*** Opening of EXERCISE DATA ***

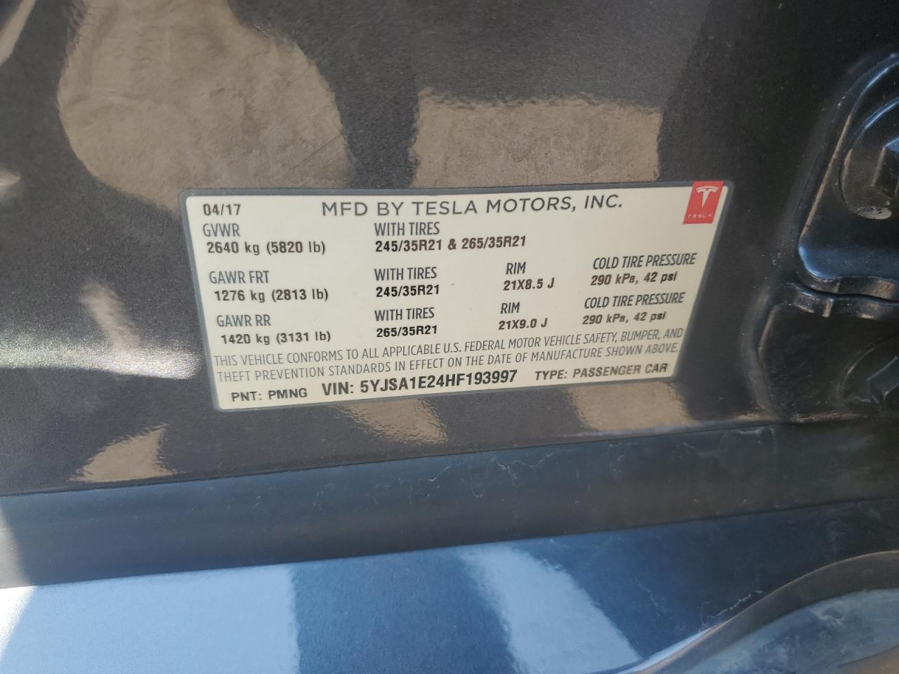 2017 TESLA MODEL S - 5YJSA1E24HF193997, колір - Сірий, , Електричний, Повний привід із США
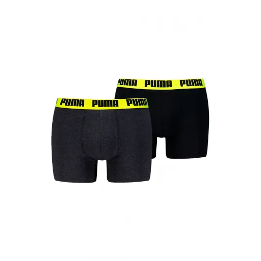 Puma, Set de boxeri cu banda logo in talie - 2 perechi, Negru, Galben, S
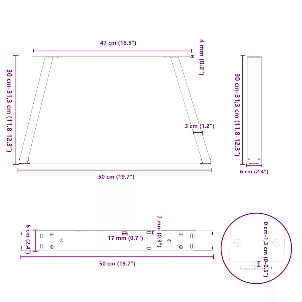 2 db antracitszürke, V-alakú acél dohányzóasztal láb 50 x (30-31,3) cm
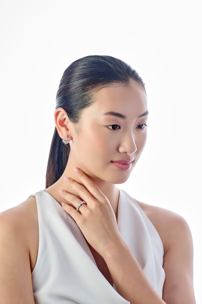London-based Anabela Chan’s background in architecture and luxury fashion led to the first fine jewelry line to champion laboratory-grown gemstones. Today, its artisanal craftsmanship and sustainable innovations have found a place in the collections of royals, Rihanna, Taylor Swift, and sophisticated women worldwide. The Snowflower Twinkle Ear-Jackets showcase delicate versatility, crafted in rhodium vermeil with 14K gold posts and designed to be worn in two unique variations. Each earring is intricately pavé-set with laboratory-grown pear, round, and marquise-cut simulated white diamonds for a radiant, multidimensional sparkle.
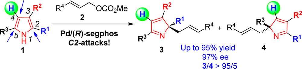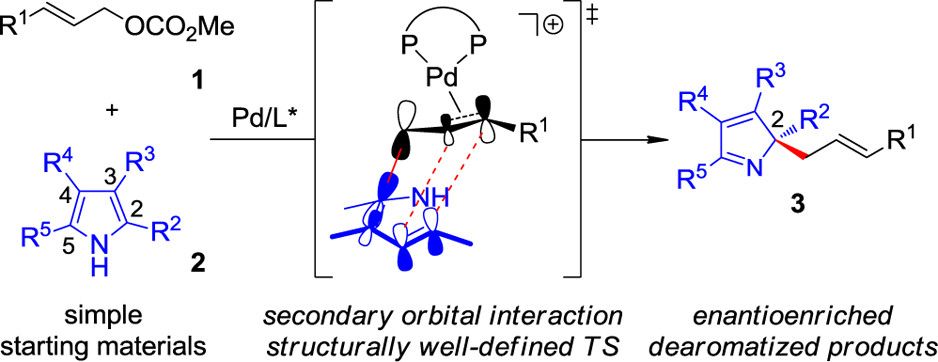11. Mechanistic insights into the Pd-catalyzed intermolecular asymmetric allylic dearomatization of multisubstituted pyrroles: understanding the remarkable regio- and enantioselectivity.
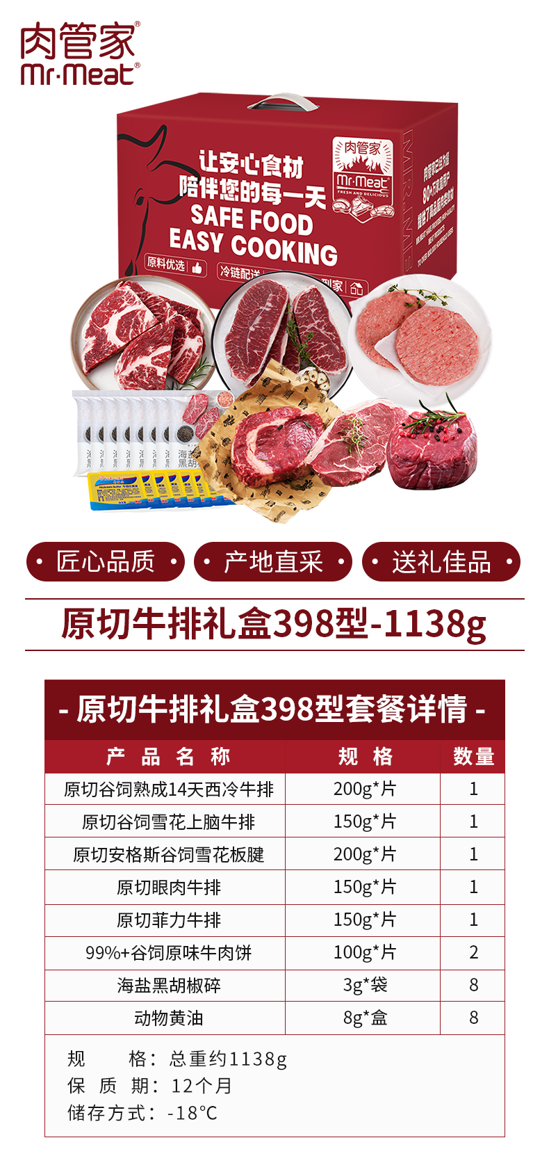 商品名称:【顺丰配送】肉管家398型原切牛排礼盒约1138g
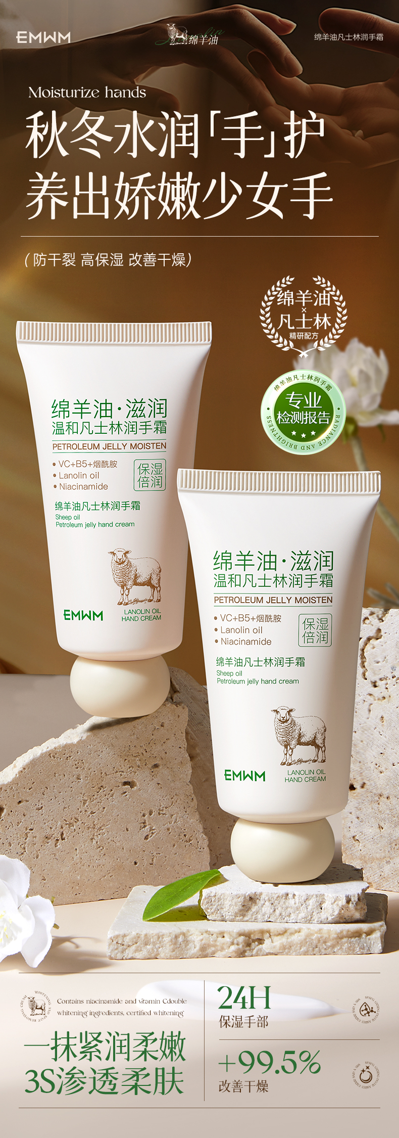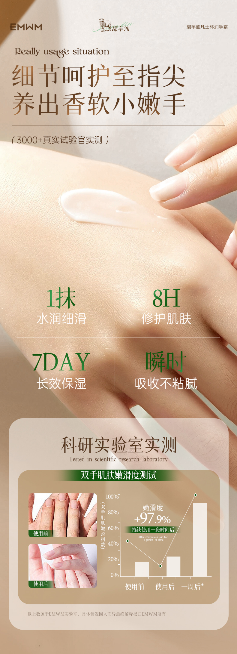 优选丨【秋冬保湿三件套】EMWM绵羊油/润手霜/唇油 深层补水保湿 质地轻盈不厚重 清爽不粘腻【护手霜50g 唇油10ML 身体乳500ML】
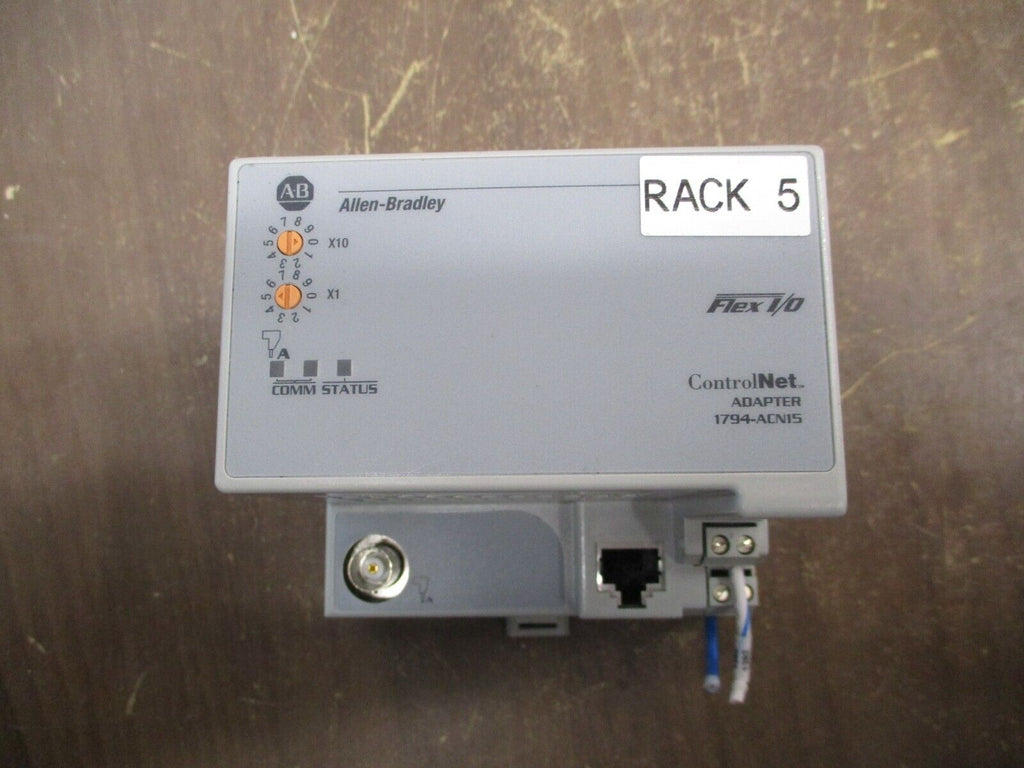 Allen-Bradley Flex I/O ControlNet Adapter Module Part #: 1794-ACN15 Ser. D F/W Rev. 10.3 Used Loc: 28L2-26- Part #: 1794-ACN15

*** Close of EXERCISE DATA ***

## EXERCISE
Could you print the listing above word for word, without its pictures?

## EXPECTED OUTPUT
 2017 TESLA MODEL S - 5YJSA1E24HF193997, колір - Сірий, , Електричний, Повний привід із США
 Puma, Set de boxeri cu banda logo in talie - 2 perechi, Negru, Galben, S
 2 db antracitszürke, V-alakú acél dohányzóasztal láb 50 x (30-31,3) cm
London-based Anabela Chan’s background in architecture and luxury fashion led to the first fine jewelry line to champion laboratory-grown gemstones. Today, its artisanal craftsmanship and sustainable innovations have found a place in the collections of royals, Rihanna, Taylor Swift, and sophisticated women worldwide. The Snowflower Twinkle Ear-Jackets showcase delicate versatility, crafted in rhodium vermeil with 14K gold posts and designed to be worn in two unique variations. Each earring is intricately pavé-set with laboratory-grown pear, round, and marquise-cut simulated white diamonds for a radiant, multidimensional sparkle.
11. Mechanistic insights into the Pd-catalyzed intermolecular asymmetric allylic dearomatization of multisubstituted pyrroles: understanding the remarkable regio- and enantioselectivity.
 商品名称:【顺丰配送】肉管家398型原切牛排礼盒约1138g
 优选丨【秋冬保湿三件套】EMWM绵羊油/润手霜/唇油 深层补水保湿 质地轻盈不厚重 清爽不粘腻【护手霜50g 唇油10ML 身体乳500ML】
 Allen-Bradley Flex I/O ControlNet Adapter Module Part #: 1794-ACN15 Ser. D F/W Rev. 10.3 Used Loc: 28L2-26- Part #: 1794-ACN15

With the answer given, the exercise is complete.